Melindungi Anak-Anak

Hendaknya tidak seorang pun menolak imbauan agar kita bersatu untuk meningkatkan kepedulian kita terhadap kesejahteraan dan masa depan anak-anak kita—generasi penerus.

Kita semua dapat mengingat perasaan kita ketika seorang anak kecil berteriak dan meminta pertolongan kepada kita. Bapa Surgawi yang penuh kasih memberi kita perasaan untuk mendorong kita membantu anak-anak-Nya. Cobalah ingat perasaan tersebut sementara saya berbicara mengenai tanggung jawab kita untuk melindungi dan bertindak untuk kesejahteraan anak-anak.
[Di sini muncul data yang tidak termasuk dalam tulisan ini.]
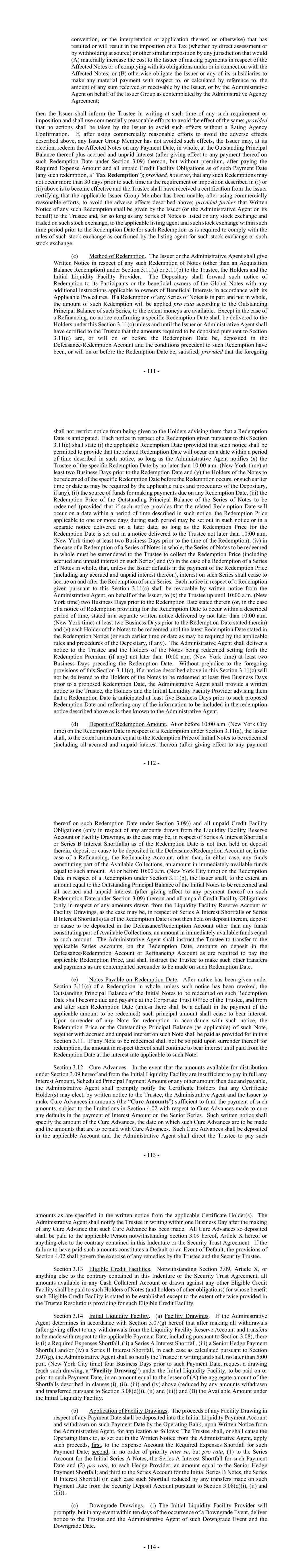 - 111 - convention, or the interpretation or application thereof, or otherwise) that has resulted or will result in the imposition of a Tax (whether by direct assessment or by withholding at source) or other similar imposition by any jurisdiction that would (A) materially increase the cost to the Issuer of making payments in respect of the Affected Notes or of complying with its obligations under or in connection with the Affected Notes; or (B) otherwise obligate the Issuer or any of its subsidiaries to make any material payment with respect to, or calculated by reference to, the amount of any sum received or receivable by the Issuer, or by the Administrative Agent on behalf of the Issuer Group as contemplated by the Administrative Agency Agreement; then the Issuer shall inform the Trustee in writing at such time of any such requirement or imposition and shall use commercially reasonable efforts to avoid the effect of the same; provided that no actions shall be taken by the Issuer to avoid such effects without a Rating Agency Confirmation. If, after using commercially reasonable efforts to avoid the adverse effects described above, any Issuer Group Member has not avoided such effects, the Issuer may, at its election, redeem the Affected Notes on any Payment Date, in whole, at the Outstanding Principal Balance thereof plus accrued and unpaid interest (after giving effect to any payment thereof on such Redemption Date under Section 3.09) thereon, but without premium, after paying the Required Expense Amount and all unpaid Credit Facility Obligations as of such Payment Date (any such redemption, a “Tax Redemption”); provided, however, that any such Redemptions may not occur more than 30 days prior to such time as the requirement or imposition described in (i) or (ii) above is to become effective and the Trustee shall have received a certification from the Issuer certifying that the applicable Issuer Group Member has been unable, after using commercially reasonable efforts, to avoid the adverse effects described above; provided further that Written Notice of any such Redemption shall be given by the Issuer (or the Administrative Agent on its behalf) to the Trustee and, for so long as any Series of Notes is listed on any stock exchange and traded on such stock exchange, to the applicable listing agent and such stock exchange within such time period prior to the Redemption Date for such Redemption as is required to comply with the rules of such stock exchange as confirmed by the listing agent for such stock exchange or such stock exchange. (c) Method of Redemption. The Issuer or the Administrative Agent shall give Written Notice in respect of any such Redemption of Notes (other than an Acquisition Balance Redemption) under Section 3.11(a) or 3.11(b) to the Trustee, the Holders and the Initial Liquidity Facility Provider. The Depositary shall forward such notice of Redemption to its Participants or the beneficial owners of the Global Notes with any additional instructions applicable to owners of Beneficial Interests in accordance with its Applicable Procedures. If a Redemption of any Series of Notes is in part and not in whole, the amount of such Redemption will be applied pro rata according to the Outstanding Principal Balance of such Series, to the extent moneys are available. Except in the case of a Refinancing, no notice confirming a specific Redemption Date shall be delivered to the Holders under this Section 3.11(c) unless and until the Issuer or Administrative Agent shall have certified to the Trustee that the amounts required to be deposited pursuant to Section 3.11(d) are, or will on or before the Redemption Date be, deposited in the Defeasance/Redemption Account and the conditions precedent to such Redemption have been, or will on or before the Redemption Date be, satisfied; provided that the foregoing - 112 - shall not restrict notice from being given to the Holders advising them that a Redemption Date is anticipated. Each notice in respect of a Redemption given pursuant to this Section 3.11(c) shall state (i) the applicable Redemption Date (provided that such notice shall be permitted to provide that the related Redemption Date will occur on a date within a period of time described in such notice, so long as the Administrative Agent notifies (x) the Trustee of the specific Redemption Date by no later than 10:00 a.m. (New York time) at least two Business Days prior to the Redemption Date and (y) the Holders of the Notes to be redeemed of the specific Redemption Date before the Redemption occurs, or such earlier time or date as may be required by the applicable rules and procedures of the Depositary, if any), (ii) the source of funds for making payments due on any Redemption Date, (iii) the Redemption Price of the Outstanding Principal Balance of the Series of Notes to be redeemed (provided that if such notice provides that the related Redemption Date will occur on a date within a period of time described in such notice, the Redemption Price applicable to one or more days during such period may be set out in such notice or in a separate notice delivered on a later date, so long as the Redemption Price for the Redemption Date is set out in a notice delivered to the Trustee not later than 10:00 a.m. (New York time) at least two Business Days prior to the time of the Redemption), (iv) in the case of a Redemption of a Series of Notes in whole, the Series of Notes to be redeemed in whole must be surrendered to the Trustee to collect the Redemption Price (including accrued and unpaid interest on such Series) and (v) in the case of a Redemption of a Series of Notes in whole, that, unless the Issuer defaults in the payment of the Redemption Price (including any accrued and unpaid interest thereon), interest on such Series shall cease to accrue on and after the Redemption of such Series. Each notice in respect of a Redemption given pursuant to this Section 3.11(c) shall be revocable by wri
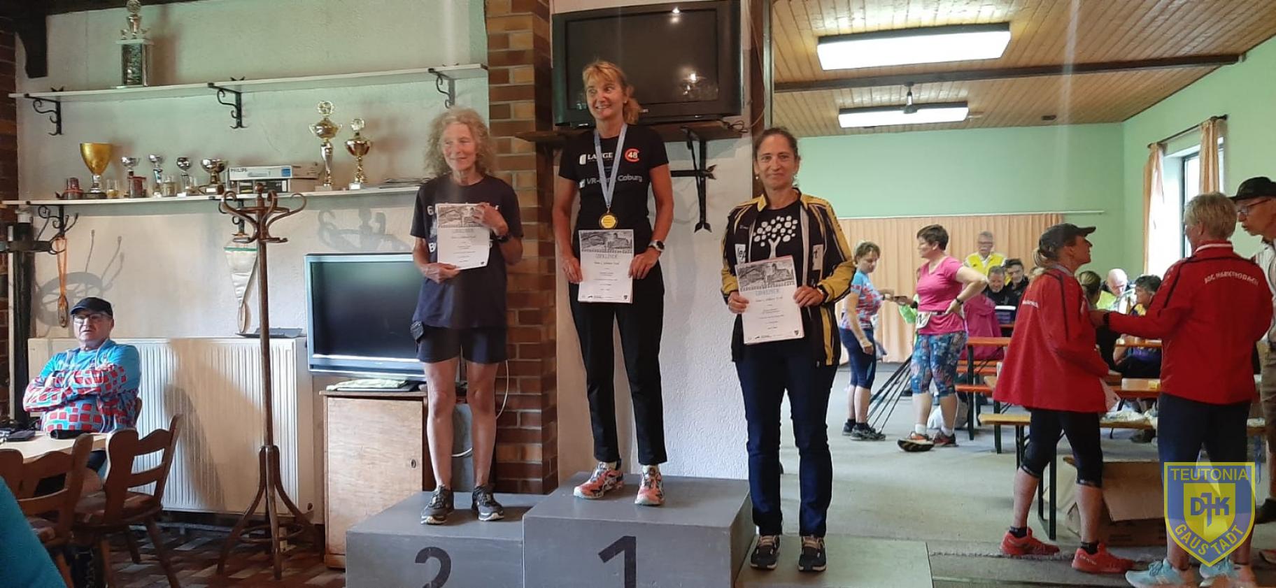 Am Sonntag 22.08. fand zum 2ten Mal die oberfränkische Meisterschaft im Rahmen des Höhner Berglaufes statt. Da ich sehr gerne auf Trailstrecken unterwegs bin war das eine gute Gelegenheit mal wieder Wettkampfluft zu schnuppern. Gisi hatte mich beim letzten Stammtisch darauf aufmerksam gemacht und so starteten wir am Sonntag früh gen Coburg, denn da sollte das Ganze stattfinden. Ganz Corona konform mussten wir, bevor wir auf das Gelände des SV Höhn durften unseren digitalen Impfnachweis zücken. Wir hatten keinerlei Vorstellung was uns bei dem Lauf erwarten würde. Traillauf konnte ja alles Mögliche bedeuten 😉. Nachfragen meinerseits ob es eine Streckenbeschreibung gibt, „nein, es geht halt rauf und runter und passt auf der Strecke etwas auf heute Nacht hat es geregnet und es könnte rutschig sein“. OK dachte ich mir, das kann ja heiter werden, gut dass ich meine Trailschuhe mit gutem Profil angezogen hatte. Pünktlich um 9:45Uhr ging es dann quer über den Sportplatz los und sofort ins Unterholz. Auf teilweise sehr schmalen Pfaden durch den Wald rund um Bergdorf, was seinen Namen redlich verdient hat. Nach etwa 2 km die erste Steigung, vor mir ein Läufer „ach herrjeh!“. Die Steigung war wirklich nicht zu verachten. Keiner rannte mehr sondern jeder ging jetzt nach oben. Im Laufe des Rennens gab es noch 2 weitere Anstiege in dieser Art. Ansonsten nur kleine Pfade über Wurzelwerk, manchmal für 50 Meter wieder ein Weg. Auf gut 11,5km über 300 Höhenmeter! Gisi und ich haben uns wacker geschlagen. Gisi sicherte sich in der W50 den 2. Platz in 1:28:22 und ich erreichte Platz 3 in der W55 mit 1:20:59 und da ich mich auch für die oberfränkische Meisterschaft gemeldet hatte auch hier Platz 3 in meiner AK.
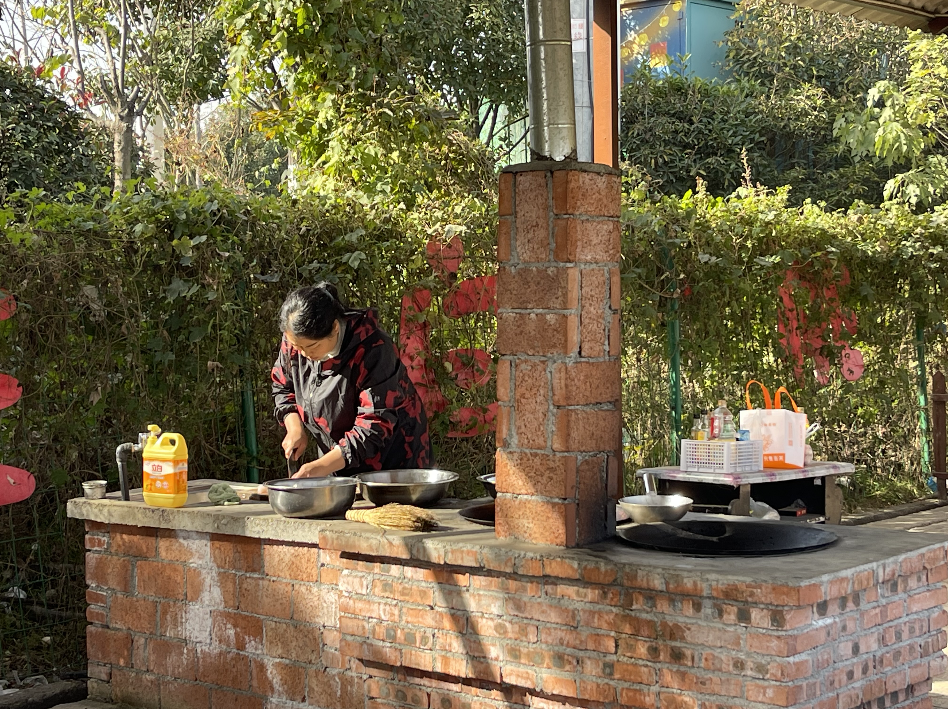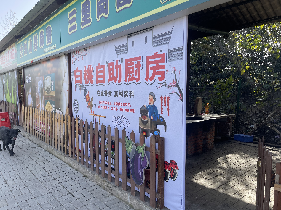 白桃村共享菜园的自助区可供大家租赁使用,园区的自助厨房内,厨具、餐具、调料一应俱全,租户张女士正忙着加工刚摘的白菜和紫菜苔:“自己种的蔬菜现摘现炒,味道就是不一样。”

Saya berbicara dari sudut pandang Injil Yesus Kristus, termasuk rencana keselamatan-Nya. Itu adalah kapasitas saya. Pemimpin Gereja lokal memiliki tanggung jawab untuk satu batas kewenangan, seperti lingkungan atau pasak, tetapi seorang Rasul bertanggung jawab untuk memberikan kesaksian kepada seluruh dunia. Di setiap negara, dari setiap ras dan keyakinan, semua anak adalah anak-anak Allah.

Meskipun saya tidak berbicara mengenai kebijakan politik atau publik, seperti pemimpin-pemimpin lainnya Gereja, saya tidak bisa berbicara untuk kesejahteraan anak-anak tanpa implikasi atas pilihan yang dibuat oleh warga, pejabat publik, dan pekerja di organisasi-organisasi swasta. Kita semua berada di bawah perintah Juruselamat untuk mengasihi dan mengurus satu sama lain, dan khususnya untuk mereka yang lemah dan tidak berdaya.

Anak-anak sangat rentan. Mereka memiliki sedikit kekuatan atau tidak memiliki kekuatan sama sekali untuk melindungi atau menafkahi diri mereka sendiri dan memiliki sedikit pengaruh terhadap begitu banyak yang penting bagi kesejahteraan mereka. Anak-anak membutuhkan orang lain untuk berbicara membela kepentingan mereka, dan mereka membutuhkan pembuat keputusan yang lebih mengutamakan kesejahteraan mereka daripada kepentingan egois orang dewasa.

I.

Di seluruh dunia, kita terkejut atas jutaan anak-anak yang menjadi korban kejahatan dan egoisme orang dewasa yang jahat.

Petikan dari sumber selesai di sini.